Under the terms of the Merger Agreement, DentaQuest will pay merger consideration totaling $41.5 million in cash. In addition, DCP will pay a special cash dividend to the holders of DCP common shares and restricted stock units in the aggregate amount of approximately $7.7 million after retaining a stated amount of capital and surplus and reserving cash sufficient to pay the outstanding principal amount of the mortgage on DCP’s Sharonville, Ohio corporate headquarters.
Pursuant to the Merger, record holders of DCP common shares (other than "dissenting shares" as defined in the Merger Agreement) will receive for each DCP common share outstanding immediately prior to the effective time of the Merger (the “Effective Time”) total cash consideration of approximately $3,010, comprised of $2,514 payable by DentaQuest, plus a special dividend of $496 to be paid by DCP immediately prior to the Effective Time. Each DCP restricted share unit (“RSU”) will, if unvested. vest and be cancelled in exchange for the right to receive a cash payment equal to $2,514, plus the Special Dividend of $496, less any withholding taxes.
The cash payments for each DCP common share and each RSU described above are subject to adjustment as provided in the Merger Agreement based upon DCP’s working capital, indebtedness, and closing expenses immediately prior to the effective time of the Merger (the “Effective Time”).
The Boards of Directors of both DentaQuest and DCP have approved the Merger Agreement. A special meeting of the shareholders of DCP to approve the Merger will be scheduled at a later date. Consummation of the Merger is subject to approval by state insurance regulatory authorities, approval by the shareholders of DCP and certain other conditions set forth in the Merger Agreement.
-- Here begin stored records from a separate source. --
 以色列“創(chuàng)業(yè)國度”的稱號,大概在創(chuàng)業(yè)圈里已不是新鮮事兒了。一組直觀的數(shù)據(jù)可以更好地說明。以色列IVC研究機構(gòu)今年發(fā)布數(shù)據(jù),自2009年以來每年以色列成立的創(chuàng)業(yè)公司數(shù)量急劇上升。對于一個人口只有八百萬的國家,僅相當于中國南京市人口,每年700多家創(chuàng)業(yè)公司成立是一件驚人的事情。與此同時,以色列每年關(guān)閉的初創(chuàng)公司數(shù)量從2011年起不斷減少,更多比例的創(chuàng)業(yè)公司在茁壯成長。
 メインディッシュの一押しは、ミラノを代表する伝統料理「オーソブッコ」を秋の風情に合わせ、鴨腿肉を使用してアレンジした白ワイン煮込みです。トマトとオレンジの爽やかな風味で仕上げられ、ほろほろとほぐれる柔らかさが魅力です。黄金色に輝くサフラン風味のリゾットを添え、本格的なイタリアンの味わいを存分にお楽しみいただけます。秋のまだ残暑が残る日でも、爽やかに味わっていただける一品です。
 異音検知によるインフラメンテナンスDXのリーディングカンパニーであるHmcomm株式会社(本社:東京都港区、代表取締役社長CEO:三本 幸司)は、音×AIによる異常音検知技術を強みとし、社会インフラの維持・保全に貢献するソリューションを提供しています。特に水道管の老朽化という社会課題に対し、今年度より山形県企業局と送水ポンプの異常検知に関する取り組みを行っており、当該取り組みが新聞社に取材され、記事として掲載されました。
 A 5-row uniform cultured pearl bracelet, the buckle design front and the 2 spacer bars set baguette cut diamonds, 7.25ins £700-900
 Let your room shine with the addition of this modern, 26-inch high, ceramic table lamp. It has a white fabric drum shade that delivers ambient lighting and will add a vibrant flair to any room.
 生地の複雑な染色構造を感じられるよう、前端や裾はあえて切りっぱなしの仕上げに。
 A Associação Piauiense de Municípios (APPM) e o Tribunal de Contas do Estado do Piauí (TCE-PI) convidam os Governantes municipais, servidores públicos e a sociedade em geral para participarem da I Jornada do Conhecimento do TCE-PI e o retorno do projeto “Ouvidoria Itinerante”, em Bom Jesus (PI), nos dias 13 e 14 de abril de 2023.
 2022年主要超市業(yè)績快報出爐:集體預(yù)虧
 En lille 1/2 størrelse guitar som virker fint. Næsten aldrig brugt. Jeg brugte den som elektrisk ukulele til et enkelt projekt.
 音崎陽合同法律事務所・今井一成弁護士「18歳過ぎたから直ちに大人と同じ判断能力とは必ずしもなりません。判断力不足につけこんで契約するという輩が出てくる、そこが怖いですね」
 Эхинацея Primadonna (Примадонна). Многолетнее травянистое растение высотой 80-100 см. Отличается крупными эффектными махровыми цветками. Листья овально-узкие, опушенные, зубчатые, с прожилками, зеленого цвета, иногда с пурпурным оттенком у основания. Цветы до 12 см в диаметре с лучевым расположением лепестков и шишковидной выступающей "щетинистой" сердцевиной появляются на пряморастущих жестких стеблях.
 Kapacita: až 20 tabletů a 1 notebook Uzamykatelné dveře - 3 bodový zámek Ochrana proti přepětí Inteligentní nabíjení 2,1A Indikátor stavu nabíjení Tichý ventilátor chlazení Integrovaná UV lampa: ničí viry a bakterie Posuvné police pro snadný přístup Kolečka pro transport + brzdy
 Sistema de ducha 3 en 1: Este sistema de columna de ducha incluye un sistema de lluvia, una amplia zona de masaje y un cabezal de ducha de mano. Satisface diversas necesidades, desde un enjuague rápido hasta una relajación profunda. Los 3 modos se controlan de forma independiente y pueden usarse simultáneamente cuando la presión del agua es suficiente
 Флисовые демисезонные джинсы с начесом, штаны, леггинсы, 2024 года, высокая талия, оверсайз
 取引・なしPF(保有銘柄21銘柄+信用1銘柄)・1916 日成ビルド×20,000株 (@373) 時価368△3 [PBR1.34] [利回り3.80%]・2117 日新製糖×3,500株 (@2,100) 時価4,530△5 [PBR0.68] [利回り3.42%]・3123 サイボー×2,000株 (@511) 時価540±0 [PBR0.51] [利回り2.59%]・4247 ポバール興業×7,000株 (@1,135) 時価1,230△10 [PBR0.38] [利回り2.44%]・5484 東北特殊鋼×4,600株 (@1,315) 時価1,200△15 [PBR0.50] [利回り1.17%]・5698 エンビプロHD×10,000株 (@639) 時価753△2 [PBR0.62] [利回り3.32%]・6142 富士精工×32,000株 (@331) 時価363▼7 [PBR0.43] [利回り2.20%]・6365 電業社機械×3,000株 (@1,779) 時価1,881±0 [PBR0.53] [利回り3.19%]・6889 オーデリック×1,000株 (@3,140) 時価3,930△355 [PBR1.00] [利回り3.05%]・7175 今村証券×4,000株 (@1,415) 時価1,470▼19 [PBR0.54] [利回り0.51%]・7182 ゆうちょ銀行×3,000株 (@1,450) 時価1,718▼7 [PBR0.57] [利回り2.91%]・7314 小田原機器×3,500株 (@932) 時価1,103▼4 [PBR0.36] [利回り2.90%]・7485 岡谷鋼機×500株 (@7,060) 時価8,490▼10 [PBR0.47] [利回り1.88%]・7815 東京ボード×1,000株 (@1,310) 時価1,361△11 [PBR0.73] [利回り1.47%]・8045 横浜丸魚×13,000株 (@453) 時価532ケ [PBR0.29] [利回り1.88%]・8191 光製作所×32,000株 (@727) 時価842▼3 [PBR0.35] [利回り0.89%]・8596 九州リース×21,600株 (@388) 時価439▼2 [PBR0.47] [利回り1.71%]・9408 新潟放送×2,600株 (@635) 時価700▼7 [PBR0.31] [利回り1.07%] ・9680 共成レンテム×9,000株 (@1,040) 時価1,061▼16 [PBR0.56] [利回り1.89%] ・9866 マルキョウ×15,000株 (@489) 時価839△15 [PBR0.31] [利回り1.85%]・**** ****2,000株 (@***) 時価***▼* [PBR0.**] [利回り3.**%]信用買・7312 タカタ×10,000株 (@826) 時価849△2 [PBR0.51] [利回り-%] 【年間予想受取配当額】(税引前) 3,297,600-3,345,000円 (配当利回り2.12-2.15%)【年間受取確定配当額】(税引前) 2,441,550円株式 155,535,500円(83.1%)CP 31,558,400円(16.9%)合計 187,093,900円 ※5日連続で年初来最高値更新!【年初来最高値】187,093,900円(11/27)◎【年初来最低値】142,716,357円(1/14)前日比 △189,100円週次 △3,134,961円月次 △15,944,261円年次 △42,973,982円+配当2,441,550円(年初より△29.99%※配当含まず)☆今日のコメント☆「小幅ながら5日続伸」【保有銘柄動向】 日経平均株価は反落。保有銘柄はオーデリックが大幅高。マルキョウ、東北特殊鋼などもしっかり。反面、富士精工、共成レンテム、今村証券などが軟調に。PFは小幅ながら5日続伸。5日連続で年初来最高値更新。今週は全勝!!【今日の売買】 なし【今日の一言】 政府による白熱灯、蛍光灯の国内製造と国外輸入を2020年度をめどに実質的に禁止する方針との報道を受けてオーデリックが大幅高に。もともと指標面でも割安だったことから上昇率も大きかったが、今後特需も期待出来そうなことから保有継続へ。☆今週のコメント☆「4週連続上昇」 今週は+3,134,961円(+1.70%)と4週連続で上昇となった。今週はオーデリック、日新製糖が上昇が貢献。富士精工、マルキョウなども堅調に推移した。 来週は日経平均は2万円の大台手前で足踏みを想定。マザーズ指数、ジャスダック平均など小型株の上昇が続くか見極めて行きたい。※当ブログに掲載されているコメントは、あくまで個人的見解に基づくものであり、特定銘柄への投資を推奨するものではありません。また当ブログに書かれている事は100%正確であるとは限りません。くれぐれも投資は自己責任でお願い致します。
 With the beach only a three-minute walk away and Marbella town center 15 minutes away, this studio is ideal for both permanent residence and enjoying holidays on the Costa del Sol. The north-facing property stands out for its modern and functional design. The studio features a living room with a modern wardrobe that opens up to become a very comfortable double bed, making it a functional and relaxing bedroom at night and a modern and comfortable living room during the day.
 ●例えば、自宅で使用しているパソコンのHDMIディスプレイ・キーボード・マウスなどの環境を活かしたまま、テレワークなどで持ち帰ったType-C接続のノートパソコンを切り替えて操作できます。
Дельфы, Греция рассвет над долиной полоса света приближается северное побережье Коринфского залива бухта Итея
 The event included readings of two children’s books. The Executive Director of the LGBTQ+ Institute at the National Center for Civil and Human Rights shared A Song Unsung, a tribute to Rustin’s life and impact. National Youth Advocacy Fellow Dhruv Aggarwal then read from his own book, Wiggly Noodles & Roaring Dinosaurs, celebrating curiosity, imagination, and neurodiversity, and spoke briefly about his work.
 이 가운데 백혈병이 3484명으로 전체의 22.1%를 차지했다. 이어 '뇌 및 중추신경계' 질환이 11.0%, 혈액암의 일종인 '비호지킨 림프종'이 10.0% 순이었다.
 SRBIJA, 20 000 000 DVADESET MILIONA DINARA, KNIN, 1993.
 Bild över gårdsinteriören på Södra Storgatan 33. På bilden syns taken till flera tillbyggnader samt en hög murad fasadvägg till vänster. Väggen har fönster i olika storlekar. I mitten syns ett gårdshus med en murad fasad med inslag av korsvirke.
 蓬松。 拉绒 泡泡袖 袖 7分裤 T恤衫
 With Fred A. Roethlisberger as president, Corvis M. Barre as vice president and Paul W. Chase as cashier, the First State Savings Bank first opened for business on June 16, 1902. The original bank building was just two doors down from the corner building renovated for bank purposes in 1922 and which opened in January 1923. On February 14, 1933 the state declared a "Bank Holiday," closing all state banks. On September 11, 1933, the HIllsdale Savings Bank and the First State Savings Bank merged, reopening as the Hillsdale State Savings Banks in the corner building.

Assuming such approvals are timely secured, DentaQuest expects that the Merger will be completed in the second or third quarter of 2019.
The Merger Agreement provides that DentaQuest has the present intention to maintain for at least one year after closing (a) DCP’s corporate headquarters at Sharonville, Ohio and (b) the fee schedules and reimbursement rates for DCP’s proprietary HMO networks in effect immediately prior to the Effective Time, and to use commercially reasonable efforts to preserve intact DCP’s proprietary provider networks.
The Merger Agreement also contains (a) customary representations and warranties of DentaQuest and DCP, including, among others, with respect to corporate organization, capitalization, corporate authority, third party and governmental consents and approvals, financial statements, and compliance with applicable laws, (b) covenants of DCP to conduct its business in the ordinary course until the Merger is completed, (c) covenants of DCP to use reasonable efforts to preserve its business organization and assets intact and maintain its rights and franchises, and (d) covenants of DentaQuest and DCP to take, or not to take, certain actions during the term of the Merger Agreement. DCP has also agreed not to (y) solicit proposals relating to alternative business combination transactions or (z) maintain discussions concerning, or provide confidential information in connection with, any proposals for alternative business combination transactions.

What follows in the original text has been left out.